**TASK ITEM**
The material below contains a line with "交易策略: 在1700.00 之上看涨,目标1750.00 1785.00" and a line with "This unisex heavy". Copy exactly those two lines and all lines between them.

--- TASK MATERIAL Enclosed Below ---

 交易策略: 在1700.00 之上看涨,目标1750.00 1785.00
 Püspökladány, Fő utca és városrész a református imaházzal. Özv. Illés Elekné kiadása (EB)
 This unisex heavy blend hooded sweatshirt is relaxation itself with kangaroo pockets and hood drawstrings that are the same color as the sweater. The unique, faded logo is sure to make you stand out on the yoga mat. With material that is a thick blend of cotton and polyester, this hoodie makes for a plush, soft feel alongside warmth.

--- End of Enclosed TASK MATERIAL ---
--- TASK MATERIAL Enclosed Below ---

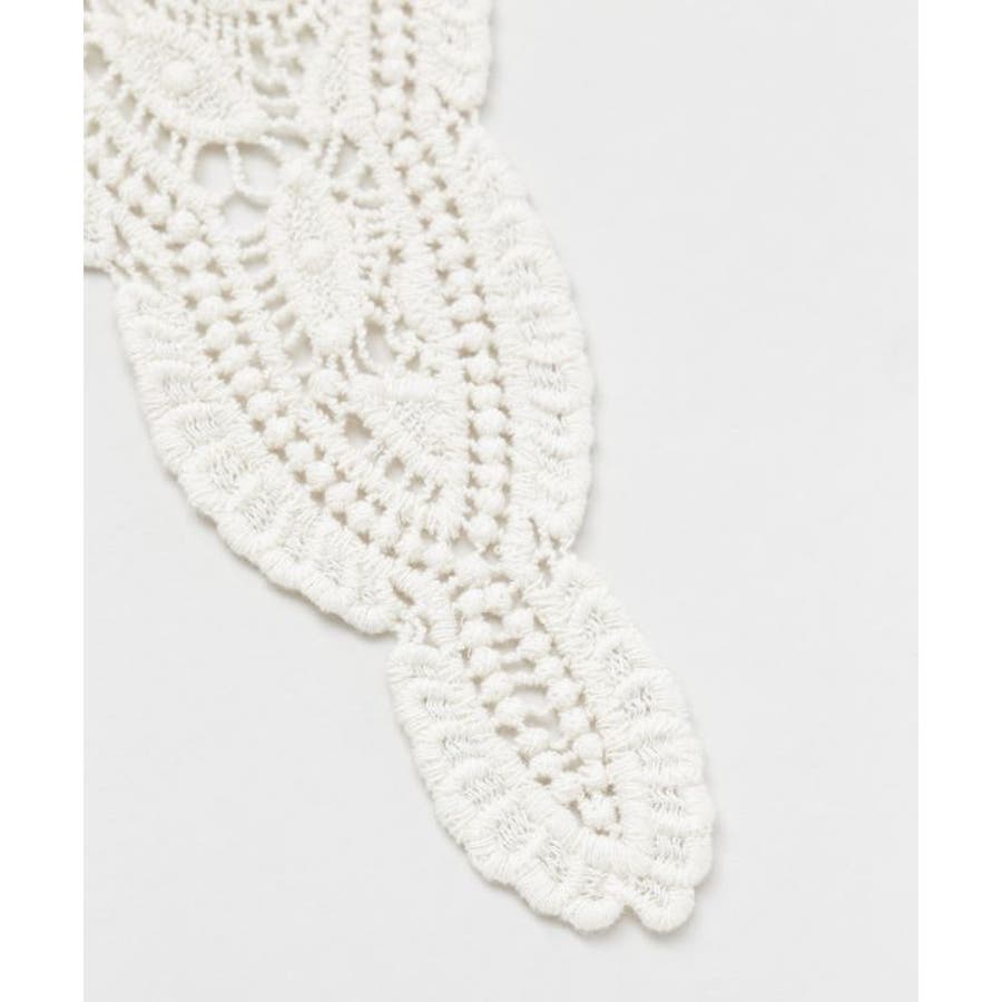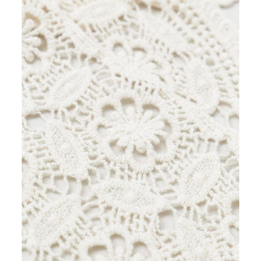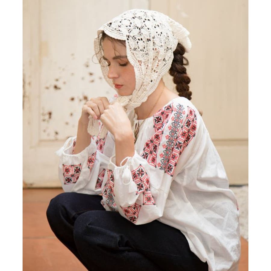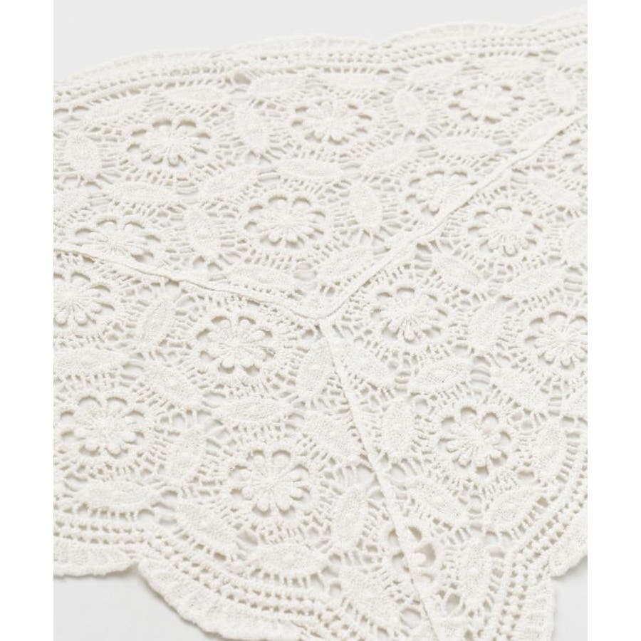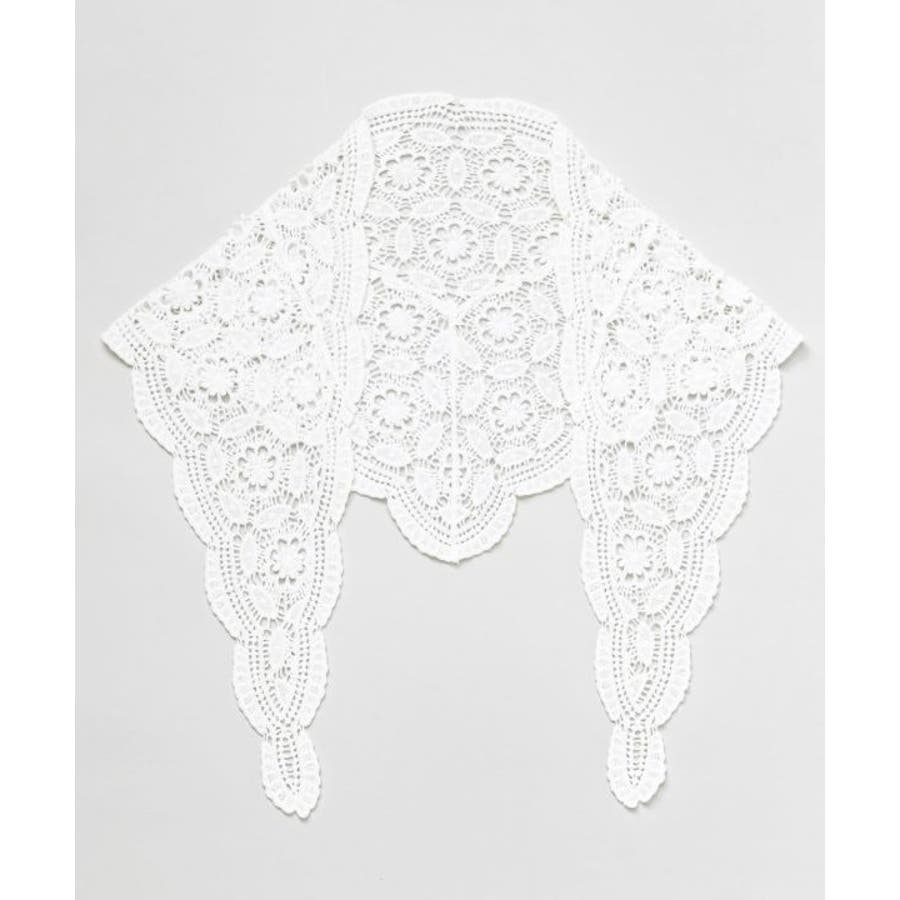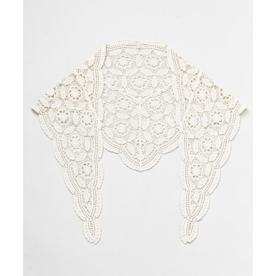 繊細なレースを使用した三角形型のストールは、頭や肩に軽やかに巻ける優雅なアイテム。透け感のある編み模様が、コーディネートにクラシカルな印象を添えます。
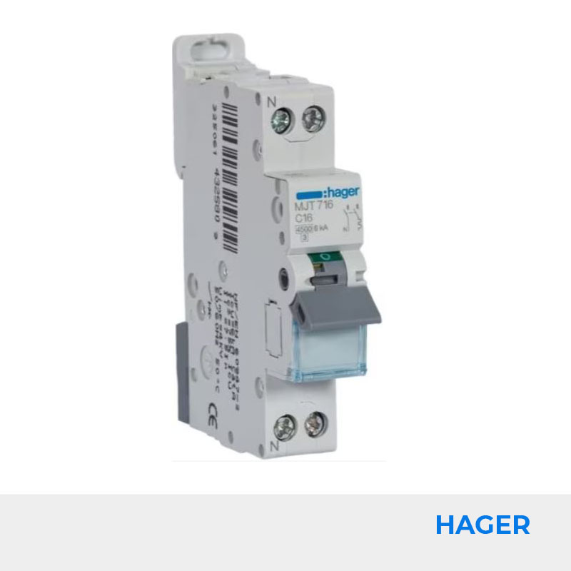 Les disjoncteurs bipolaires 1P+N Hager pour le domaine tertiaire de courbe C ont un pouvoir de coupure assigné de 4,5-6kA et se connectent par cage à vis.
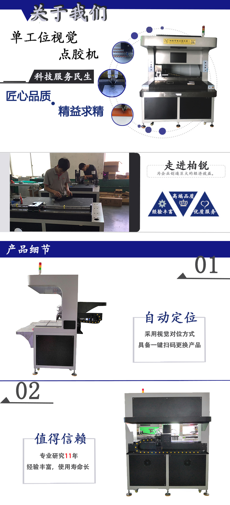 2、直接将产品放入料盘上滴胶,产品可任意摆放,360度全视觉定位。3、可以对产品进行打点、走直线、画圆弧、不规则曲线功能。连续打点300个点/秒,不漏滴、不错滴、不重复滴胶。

--- End of Enclosed TASK MATERIAL ---
--- TASK MATERIAL Enclosed Below ---

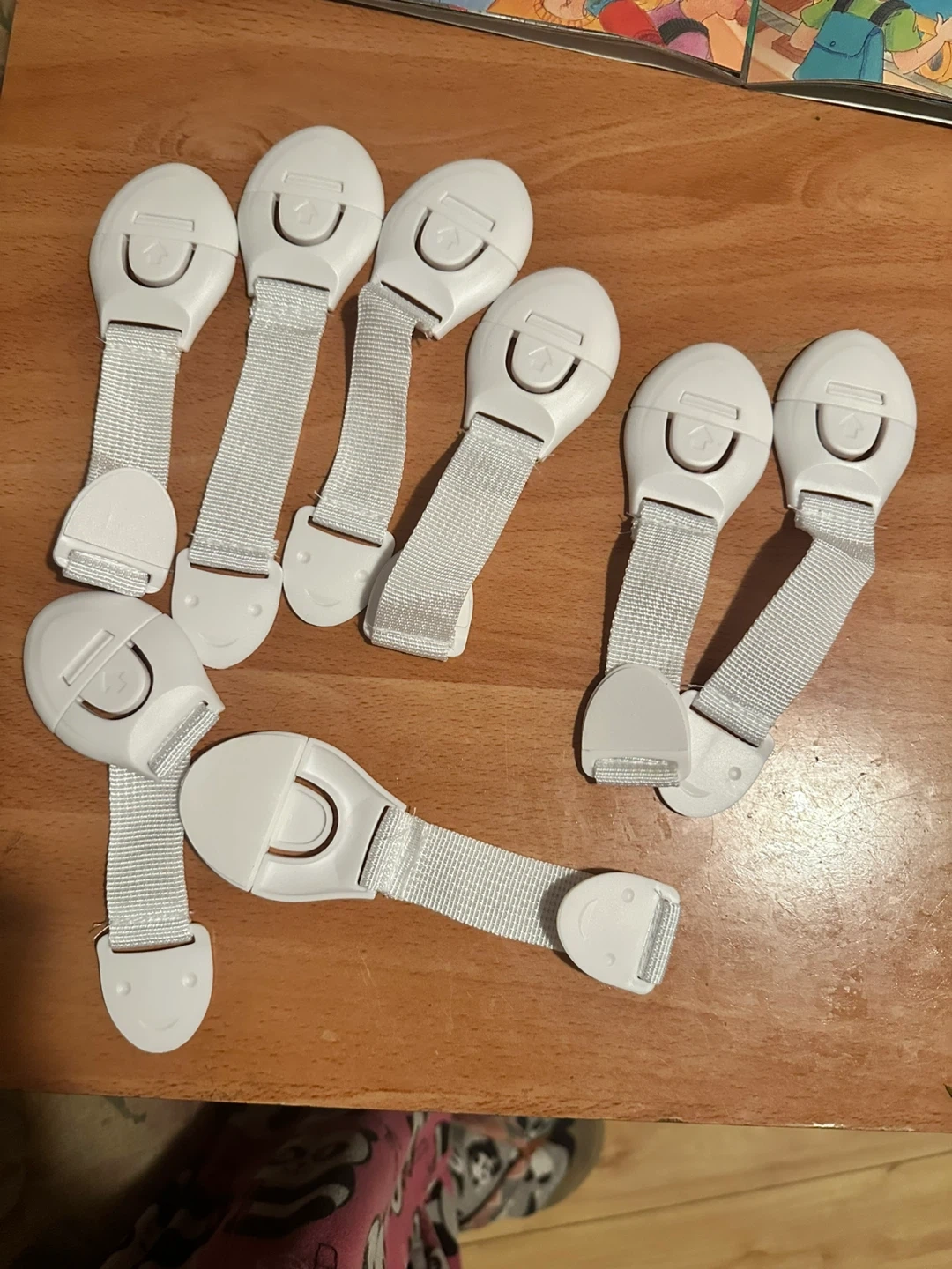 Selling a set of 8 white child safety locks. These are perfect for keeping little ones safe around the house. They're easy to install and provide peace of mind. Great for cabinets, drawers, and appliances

--- End of Enclosed TASK MATERIAL ---

**TASK ANSWER**
 交易策略: 在1700.00 之上看涨,目标1750.00 1785.00
 Püspökladány, Fő utca és városrész a református imaházzal. Özv. Illés Elekné kiadása (EB)
 This unisex heavy blend hooded sweatshirt is relaxation itself with kangaroo pockets and hood drawstrings that are the same color as the sweater. The unique, faded logo is sure to make you stand out on the yoga mat. With material that is a thick blend of cotton and polyester, this hoodie makes for a plush, soft feel alongside warmth.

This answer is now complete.